Exercise requirements => Can you print the data exactly and leave out each image?

Data block =>
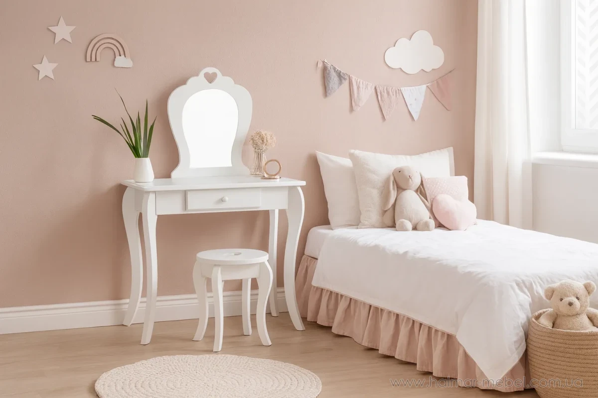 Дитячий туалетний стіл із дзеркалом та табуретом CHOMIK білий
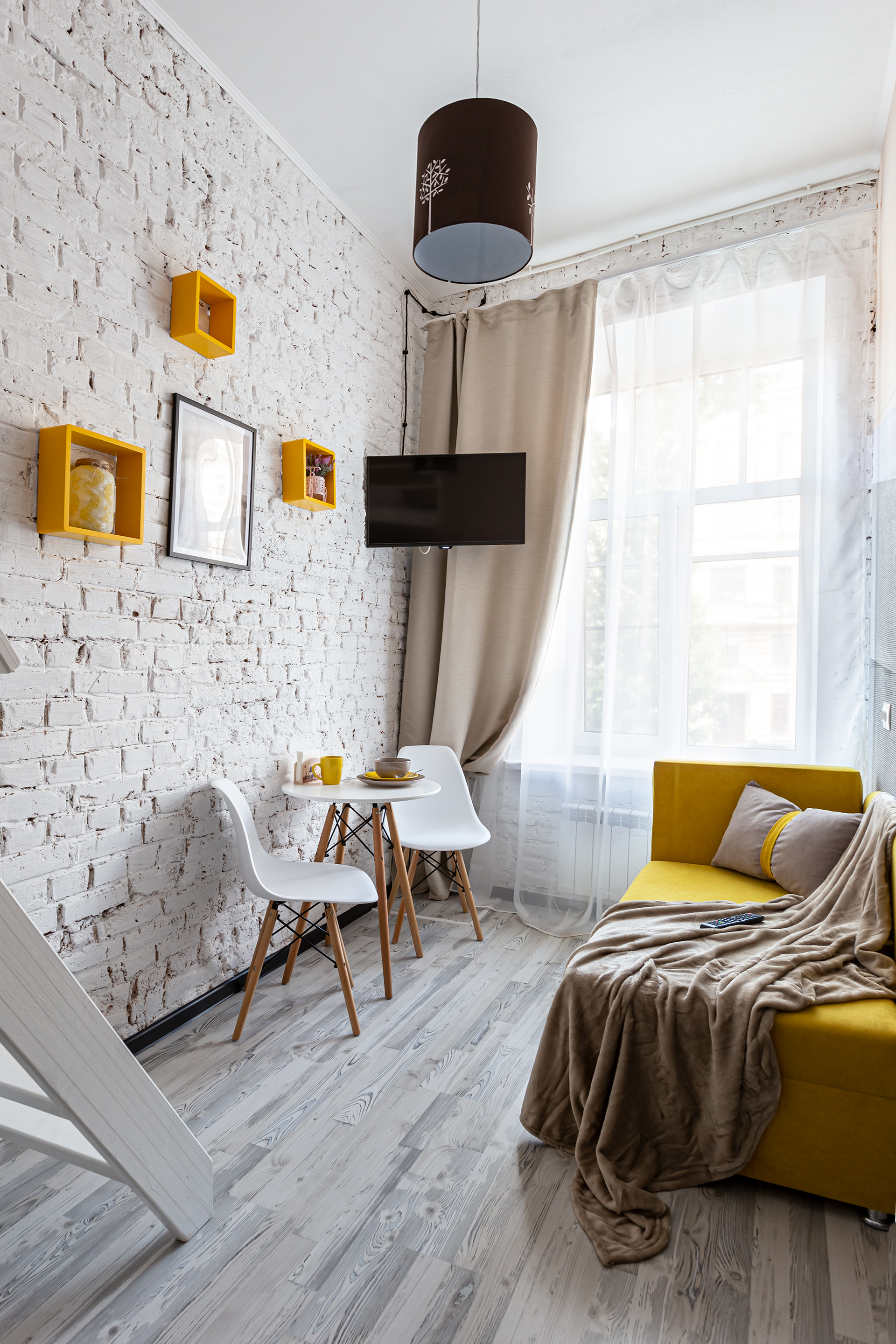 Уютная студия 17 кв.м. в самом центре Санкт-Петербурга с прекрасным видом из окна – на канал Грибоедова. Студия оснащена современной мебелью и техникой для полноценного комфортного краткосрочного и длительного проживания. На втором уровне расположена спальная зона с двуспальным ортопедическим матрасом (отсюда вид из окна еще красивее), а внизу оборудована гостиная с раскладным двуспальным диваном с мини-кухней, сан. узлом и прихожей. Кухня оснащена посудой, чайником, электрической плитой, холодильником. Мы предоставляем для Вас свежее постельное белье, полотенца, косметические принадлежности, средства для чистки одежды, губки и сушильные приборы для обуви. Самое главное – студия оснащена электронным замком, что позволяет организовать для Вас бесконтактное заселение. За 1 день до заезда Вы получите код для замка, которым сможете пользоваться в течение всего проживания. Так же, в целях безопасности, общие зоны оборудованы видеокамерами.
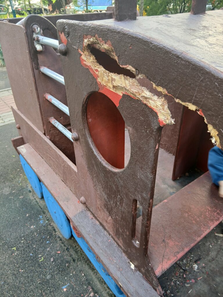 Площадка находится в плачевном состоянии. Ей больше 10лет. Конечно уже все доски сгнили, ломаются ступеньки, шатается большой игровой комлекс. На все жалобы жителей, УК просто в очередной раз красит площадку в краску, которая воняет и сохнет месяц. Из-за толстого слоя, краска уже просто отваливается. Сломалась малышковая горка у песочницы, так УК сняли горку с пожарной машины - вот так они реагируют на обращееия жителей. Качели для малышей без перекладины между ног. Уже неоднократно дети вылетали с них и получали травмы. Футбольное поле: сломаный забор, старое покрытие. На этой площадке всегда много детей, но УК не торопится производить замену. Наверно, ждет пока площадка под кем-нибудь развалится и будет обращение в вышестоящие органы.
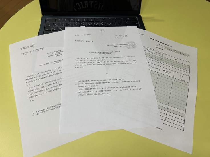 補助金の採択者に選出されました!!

Expected output =>
 Дитячий туалетний стіл із дзеркалом та табуретом CHOMIK білий
 Уютная студия 17 кв.м. в самом центре Санкт-Петербурга с прекрасным видом из окна – на канал Грибоедова. Студия оснащена современной мебелью и техникой для полноценного комфортного краткосрочного и длительного проживания. На втором уровне расположена спальная зона с двуспальным ортопедическим матрасом (отсюда вид из окна еще красивее), а внизу оборудована гостиная с раскладным двуспальным диваном с мини-кухней, сан. узлом и прихожей. Кухня оснащена посудой, чайником, электрической плитой, холодильником. Мы предоставляем для Вас свежее постельное белье, полотенца, косметические принадлежности, средства для чистки одежды, губки и сушильные приборы для обуви. Самое главное – студия оснащена электронным замком, что позволяет организовать для Вас бесконтактное заселение. За 1 день до заезда Вы получите код для замка, которым сможете пользоваться в течение всего проживания. Так же, в целях безопасности, общие зоны оборудованы видеокамерами.
 Площадка находится в плачевном состоянии. Ей больше 10лет. Конечно уже все доски сгнили, ломаются ступеньки, шатается большой игровой комлекс. На все жалобы жителей, УК просто в очередной раз красит площадку в краску, которая воняет и сохнет месяц. Из-за толстого слоя, краска уже просто отваливается. Сломалась малышковая горка у песочницы, так УК сняли горку с пожарной машины - вот так они реагируют на обращееия жителей. Качели для малышей без перекладины между ног. Уже неоднократно дети вылетали с них и получали травмы. Футбольное поле: сломаный забор, старое покрытие. На этой площадке всегда много детей, но УК не торопится производить замену. Наверно, ждет пока площадка под кем-нибудь развалится и будет обращение в вышестоящие органы.
 補助金の採択者に選出されました!!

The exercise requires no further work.